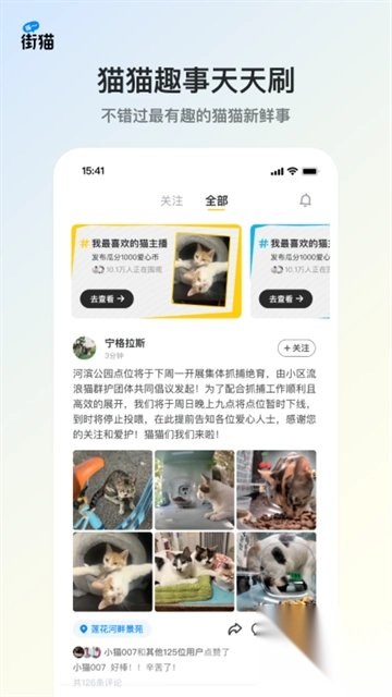 3、于【猫友圈】之中,能够进行精彩的猫猫抓拍内容创作以及猫猫吃播分享,还能对云监督猫屋的安全状况进行报修,参与到猫猫救助行动里,真心实意地夸赞那些正在关爱猫咪的人和事。
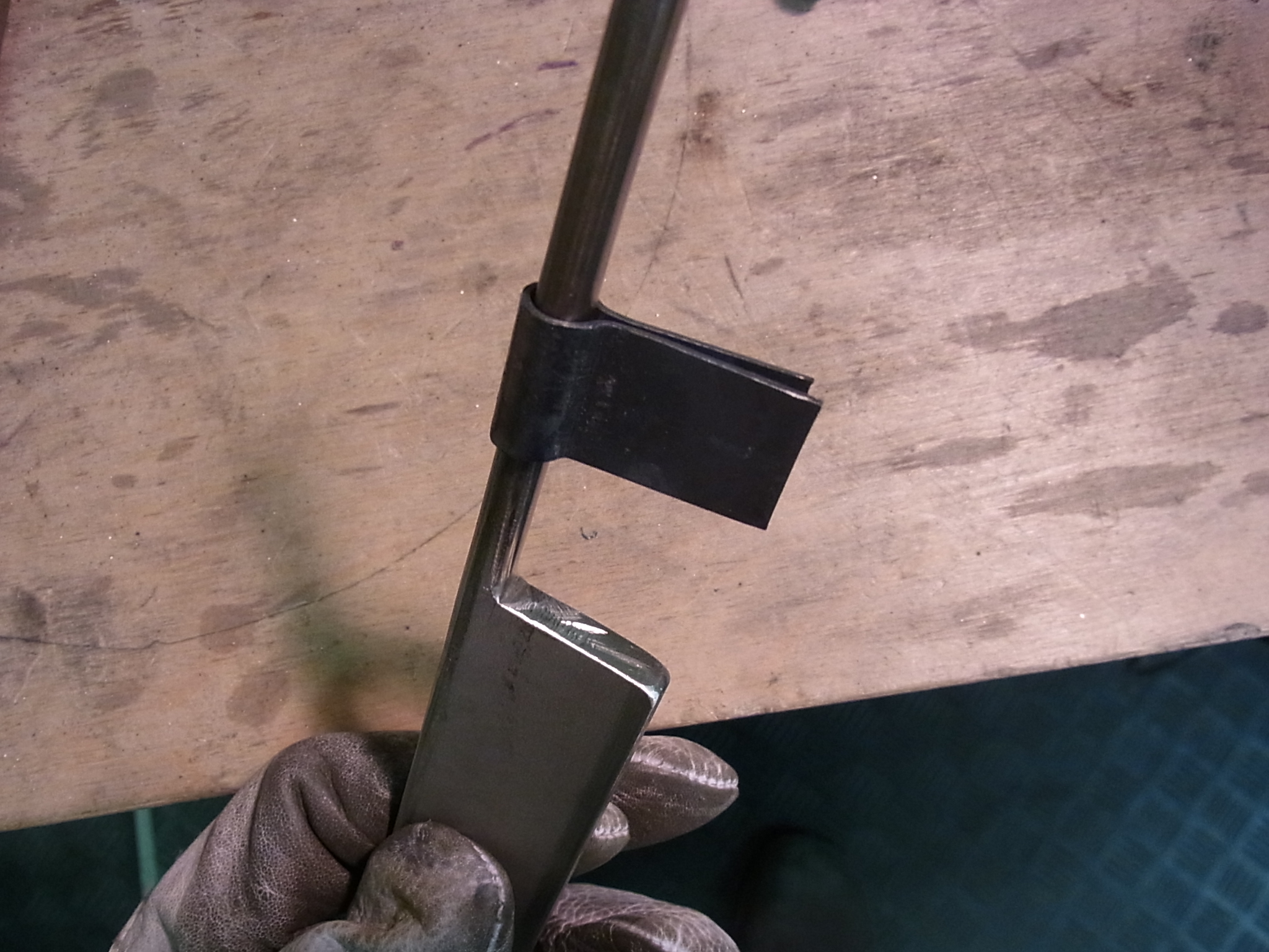 Das Schloss wird am Anfang genauso wie der Schlüssel hergestellt. Also heiß um ein Scharnierwerkzeug (6mm = Aussendurchmesser des Schlüssels) gebogen und im Schraubstock sowie mit dem Meißel nachgeformt.
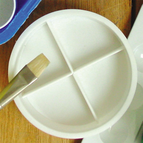 4 divisions plastic tinting saucer. 4-7/8" dia.
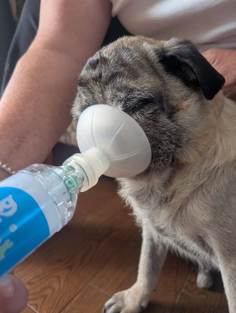 Rowdy’s previous vet put him on a steroid called prednisone to help reduce swelling and make it easier for him to breathe. Prednisone is a medication taken by mouth and commonly used to treat airway swelling in our little brachycephalic dogs. It is very effective, but if taken for too long one of the major side effects is causing diabetes. Sadly, that is what happened to Rowdy. So now, along with having trouble breathing, the diabetes meant his blood sugars were high and out of control. This was causing him to drink more water, pass more urine, and he was losing weight despite still being hungry.
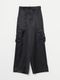 ポリエステルのフィラメントを使用した、光沢感のあるサテンを使用。本来は固くゴワゴワしたカーゴパンツを、滑らかでドレープのある生地で作る事でファションとして昇華させたアイテムです。
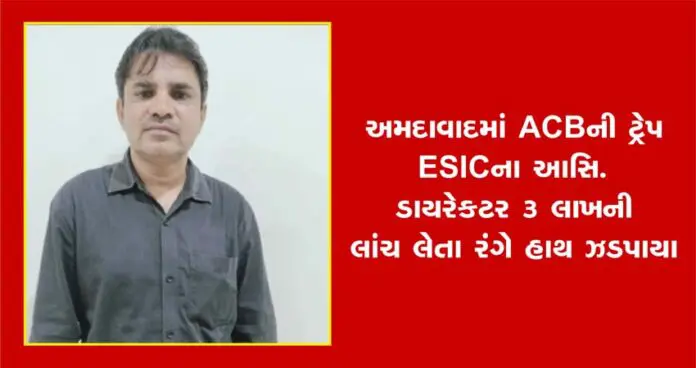 આજે અમદાવાદ આશ્રમ રોડ ખાતે આવેલી કર્મચારી રાજ્ય વીમા નિગમ કચેરીના પ્રથમ માળે ACBએ ટ્રેપ ગોઠવી હતી. કમલકાંત મીણાએ રૂપિયા 3 લાખની લાંચ સ્વીકારતા ACB ટીમે તેમને ઝડપી લઇ લાંચની રકમ કબજે કરી હતી.ACB અમદાવાદના પીઆઈ એ. કે. ચૌહાણ અને તેમની ટીમે ટ્રેપ ગોઠવી હતી. જ્યારે પીઆઈ એન. બી. સોલંકી તેમની મદદમાં હતા. સુપરવિઝન અધિકારી તરીકે મદદનીશ નિયામક જી.વી.પઢેરીયા રહ્યાં હતાં.

==============================

Copy every record exactly, without the pictures.

 3、于【猫友圈】之中,能够进行精彩的猫猫抓拍内容创作以及猫猫吃播分享,还能对云监督猫屋的安全状况进行报修,参与到猫猫救助行动里,真心实意地夸赞那些正在关爱猫咪的人和事。
 Das Schloss wird am Anfang genauso wie der Schlüssel hergestellt. Also heiß um ein Scharnierwerkzeug (6mm = Aussendurchmesser des Schlüssels) gebogen und im Schraubstock sowie mit dem Meißel nachgeformt.
 4 divisions plastic tinting saucer. 4-7/8" dia.
 Rowdy’s previous vet put him on a steroid called prednisone to help reduce swelling and make it easier for him to breathe. Prednisone is a medication taken by mouth and commonly used to treat airway swelling in our little brachycephalic dogs. It is very effective, but if taken for too long one of the major side effects is causing diabetes. Sadly, that is what happened to Rowdy. So now, along with having trouble breathing, the diabetes meant his blood sugars were high and out of control. This was causing him to drink more water, pass more urine, and he was losing weight despite still being hungry.
 ポリエステルのフィラメントを使用した、光沢感のあるサテンを使用。本来は固くゴワゴワしたカーゴパンツを、滑らかでドレープのある生地で作る事でファションとして昇華させたアイテムです。
 આજે અમદાવાદ આશ્રમ રોડ ખાતે આવેલી કર્મચારી રાજ્ય વીમા નિગમ કચેરીના પ્રથમ માળે ACBએ ટ્રેપ ગોઠવી હતી. કમલકાંત મીણાએ રૂપિયા 3 લાખની લાંચ સ્વીકારતા ACB ટીમે તેમને ઝડપી લઇ લાંચની રકમ કબજે કરી હતી.ACB અમદાવાદના પીઆઈ એ. કે. ચૌહાણ અને તેમની ટીમે ટ્રેપ ગોઠવી હતી. જ્યારે પીઆઈ એન. બી. સોલંકી તેમની મદદમાં હતા. સુપરવિઝન અધિકારી તરીકે મદદનીશ નિયામક જી.વી.પઢેરીયા રહ્યાં હતાં.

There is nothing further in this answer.